Monday, June 30, 2014

Iraq's Legacy of Literacy and Illiteracy, of  Nation building and Nation un-building

I have had a few articles posted on Common in the last few weeks.  My last one, Human Narrative Still Missing in Iraq, tries to convey the enormous losses suffered by Iraq and by Iraqis.  Reading Faiza's post this morning as she reflects on who the new angry people are that are marauding in Iraq,  reminds me of the everlasting impact of our experiences--both negative and positive.  As an educator, I am particularly aware of how early experiences and critical  things such as education, access to adequate food, shelter and safety contribute to who and what the child will be as she or he grows and mature.

Who, I wonder, in  terms of ordinary citizens,  men and women struggling to live in Iraq, does President Obama and Sec. of State John Kerry imagine is in a position to pull their shattered country together.  In addition to the militarization of Iraq, the vast destruction of the infrastructure and institutions , there has been an incredible brain drain of academics,  artists, engineers and doctors to name just a few professions. Many of those who did not flee were killed; there is a list in tribute to murdered academics in the excellent book Cultural Cleansing in Iraq: Why Museums were Looted, Libraries Burned and Academics Murdered, edited by Raymond W. Baker, Shereen T. Ismael and Tareq V. Ismael.  The opening essay talks about the job of "state-destruction" as opposed to the well-understood idea of "state-building"…the task Iraq was set on before the 1990 war.          

         "To be remade, a state must be rendered malleable.  Obstacles to this goal in Iraq included an impressive intelligentsia committed to a different societal model and the unifying culture they shared.  The actions of the occupying forces indicate they understood that the emergence of the new Iraq would require liberation from the grip of the inherited intelligentsia and culture of a unified Iraq.  Iraq under occupation would see both human and cultural erasures that advanced these goals.  Thus, state destruction in Iraq entailed more than regime change and more than political and economic restructuring.  It also required cultural cleansing, understood in the Iraqi case as the degrading of a unifying culture and the depletion of an intelligentsia tied to the old order." (page 6)
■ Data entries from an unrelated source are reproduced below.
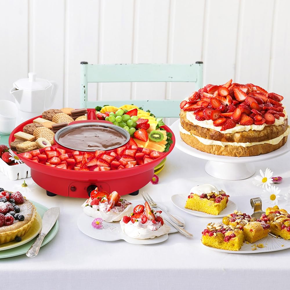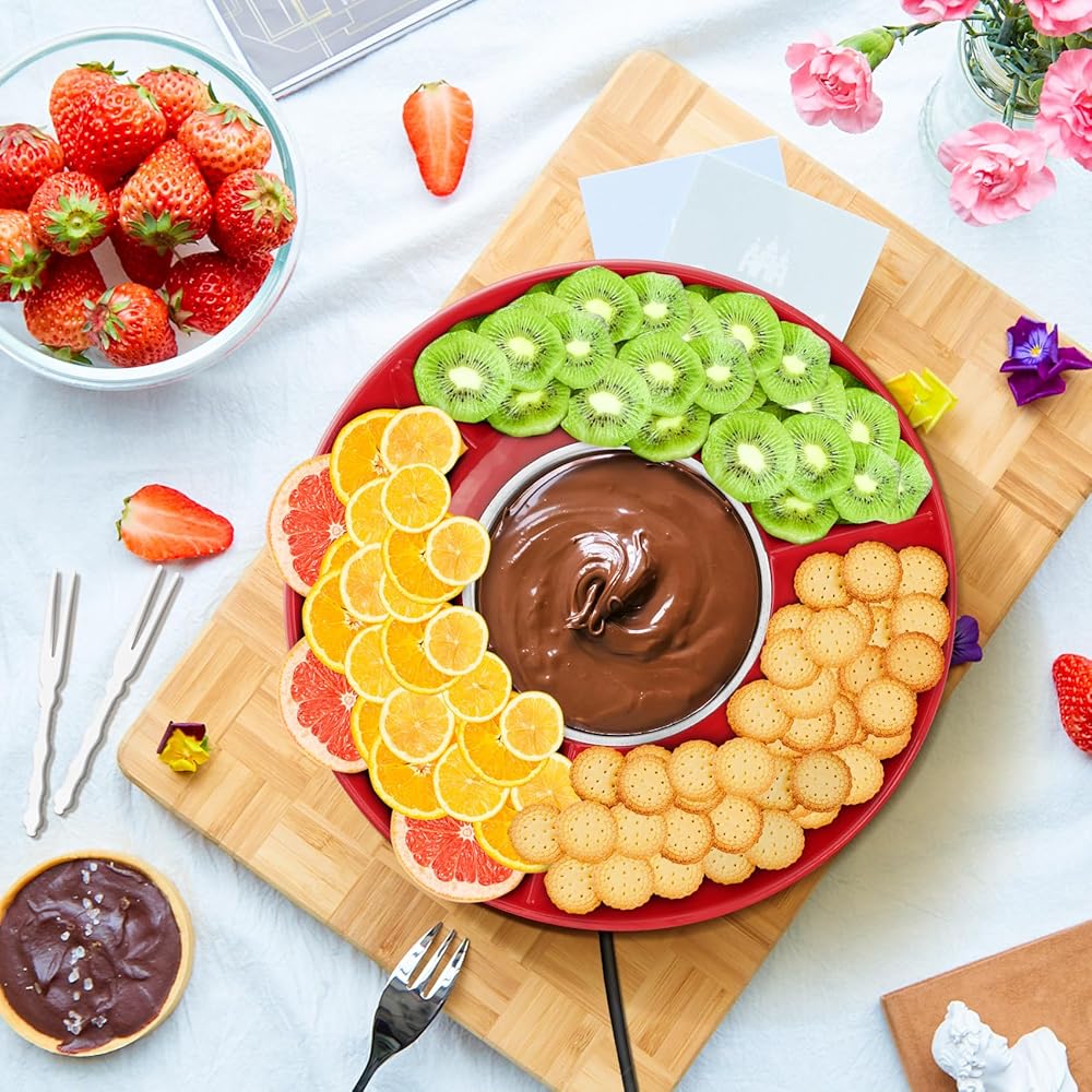 اغمسي الفاكهة والكعك والمارشميلو والمعجنات وجميع الحلويات المفضلة لديك. يمكنك بسهولة إزالة وغسل وتنظيف الأوعية والصواني الخاصة بك بعد الاستمتاع بالفوندو.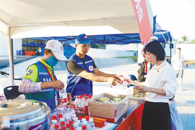 ③ 2月17日,在??谛潞8?,志愿者免費為旅客發放食物。海南日報記者 韋茂金 攝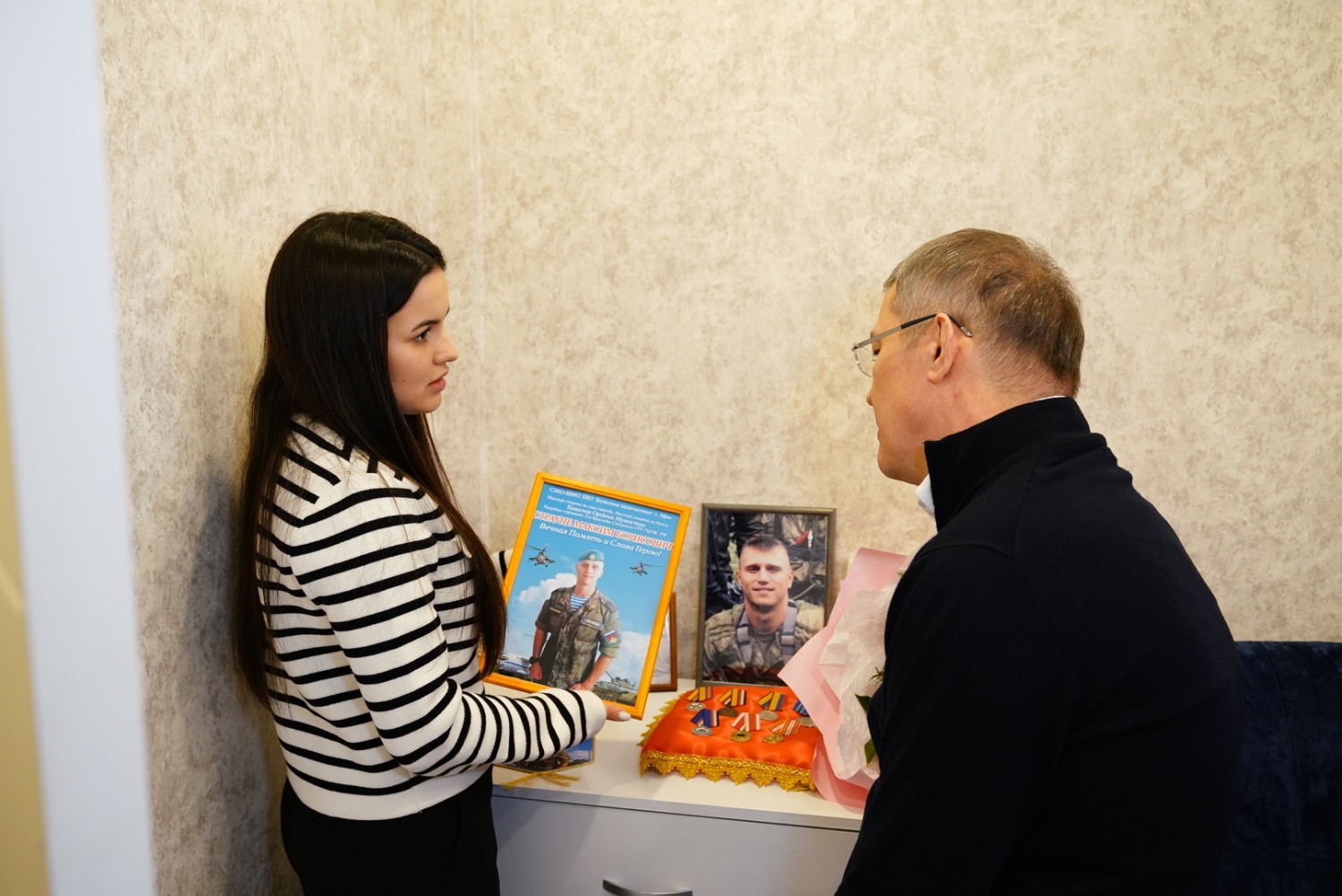 Во время общения с родными погибшего героя, его мамой Натальей Петровной и супругой Марией, Радий Хабиров поинтересовался, какую помощь они получили и получают от государства, от администрации города и района.

Culture and literacy have been  synonymous with Iraq from the beginning. What many people don't know, on some level one of the great ironies of the calamatiy in Iraq,  is that the first piece of literature, the poetic drama of creation, The Epic of Gilgamesh (2000-1400 B.C.) was written in ancient Mesoptamia, the site of the modern country of Iraq. And, probably next to no one knows that in 1982 Iraq was awarded a prize by UNESCO for eradicating illiteracy.  This was achieved as a result of three acts of legislation:  The Illiteracy Eradication Law, 1971, The Free Education Law, 1974 and The Compulsory Education Law, 1978.  As a result of this legislation, education was mandatory for both girls and boys through grade 6, and free through university.
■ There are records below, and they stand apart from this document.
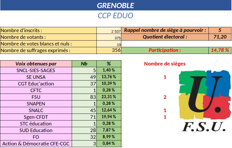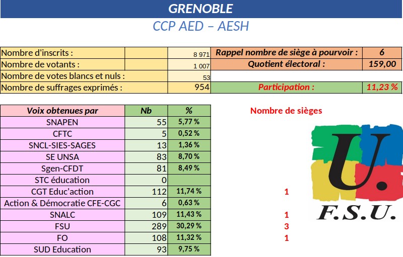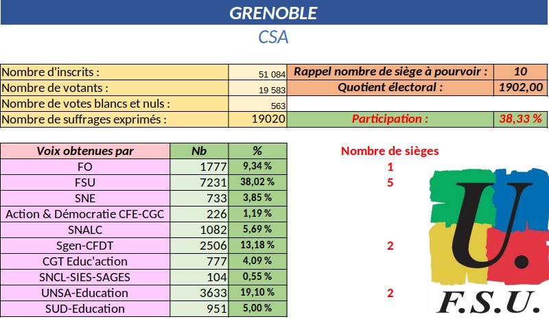 Ce sont 9 commissaires paritaires FSU (sur 19) qui sont prêt-es à nous défendre, à faire entendre notre voix, et 5 élu-es (sur 10) qui siégeront dans le nouveau CSA.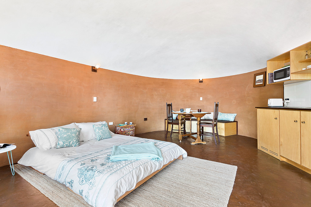 Comprising natural and upcycled resources, Dr. Freney says it showcases how waste materials can be transformed into a comfortable and contemporary self-sustaining oasis. “The walls are constructed from old tyres packed with earth, which keeps the house cool in summer and warm in winter without the need for expensive heating and cooling systems,” he says. “In total there were about 800 tyres used to build the Earthship.”
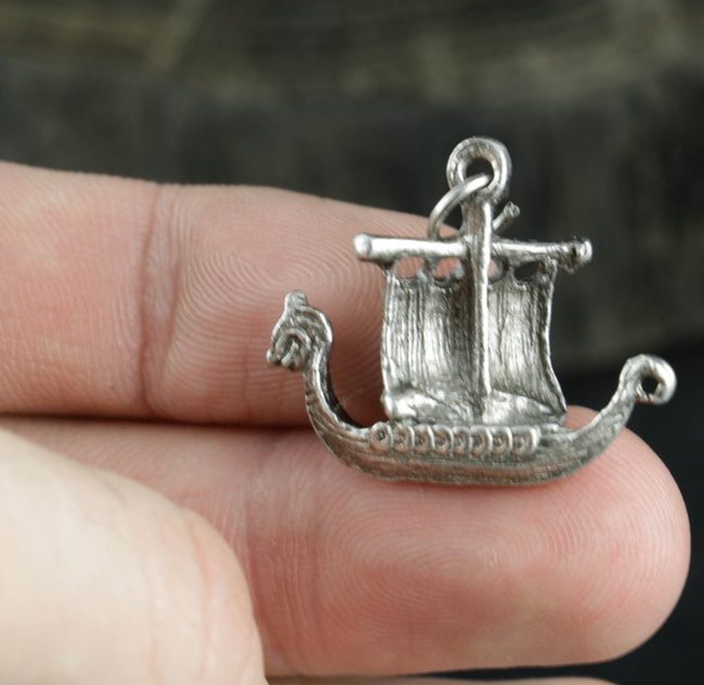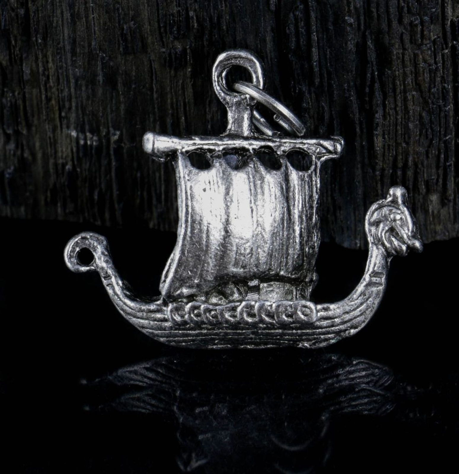 Drakkar - vikingská nájezdnická loď. Drakkar, nejznámější z nejpozoruhodnějších válečných veslic, byly symbolické legendárním Vikingům. Poměrně pozdní vynález (11. století), tyto lodě byly používány primárně jako kruté a brutální válečné lodě. Cínový přívěšek. Rozměry: 2.4 x 3 cm.

 Everything changed after the first Gulf War.  UNESCO bemoaned  the decline  saying" The education system in Iraq prior to 1991 was one of the best in the region, with over 100% gross enrollment rate for primary schooling, and a high level of literacy, both of men and women. The Higher Education, especially the scientific and technological institutions, were of an international standard, staffed by high qualification personnel.   In 2004 they put the literacy rate at 74% and by 2007 Education International estimated the rate had fallen to 65% (54% women and 74% men)
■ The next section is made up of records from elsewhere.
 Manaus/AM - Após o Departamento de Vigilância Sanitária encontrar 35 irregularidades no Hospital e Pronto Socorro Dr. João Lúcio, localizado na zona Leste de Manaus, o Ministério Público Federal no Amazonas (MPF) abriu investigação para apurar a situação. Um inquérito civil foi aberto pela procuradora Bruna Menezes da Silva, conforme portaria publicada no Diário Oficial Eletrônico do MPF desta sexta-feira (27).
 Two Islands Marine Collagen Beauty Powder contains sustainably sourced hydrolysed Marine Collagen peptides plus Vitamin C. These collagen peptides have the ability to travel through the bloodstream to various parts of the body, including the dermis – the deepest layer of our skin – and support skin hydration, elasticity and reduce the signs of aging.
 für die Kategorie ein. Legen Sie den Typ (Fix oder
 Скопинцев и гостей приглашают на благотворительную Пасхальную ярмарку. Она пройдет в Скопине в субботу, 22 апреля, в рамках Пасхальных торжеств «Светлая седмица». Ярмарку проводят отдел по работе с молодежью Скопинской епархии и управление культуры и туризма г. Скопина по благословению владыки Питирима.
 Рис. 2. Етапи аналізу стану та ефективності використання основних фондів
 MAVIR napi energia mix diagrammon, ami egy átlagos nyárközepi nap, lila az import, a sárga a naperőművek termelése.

This should come as no surprise. Iraq's Ministry of Education reported only 30% of school-age children were attending classes in early 2007.   84% of higher institutes of education and schools were damaged and/or destroyed in the two wars(UNESCO). Lots of parents kept children home out of fear for their safety; many children left school to earn money to help support their families. Those who attended classes often sat in building without running water or heat or adequate supplies including books.  Books and supplies such as pencils could not be imported under the UN Sanctions.  As a result, everyone in this once literate culture has fallen behind.

Fallen behind is a gross understatement. Children out of school for years, missing exams, unable to re-enter the system out of shame for their lack of academic skills.  Teachers without adequate facilities for students, without up-to-date text books or with no text books at all.   This includes teachers in the medical colleges.  Imagine "keeping up" with your profession, trying to train new doctors and nurses in Iraq during the years 1990 to 2013  without medical journals, or current text books or any professional connection to the outside world.

All the media babble about bringing democracy to Iraq, and our own government statements both then and now calling on Iraqis to pull together, to take control and  re-build their country are nothing but hogwash. 

Democray depends on a literate society and  functioning institutional structures. We have bombed and sanctioned Iraq back into a state of illiteracy and dismantled the very structures necessary to re-build.  Our project of state-destruction is complete.  Mission, in this case,  accomplished.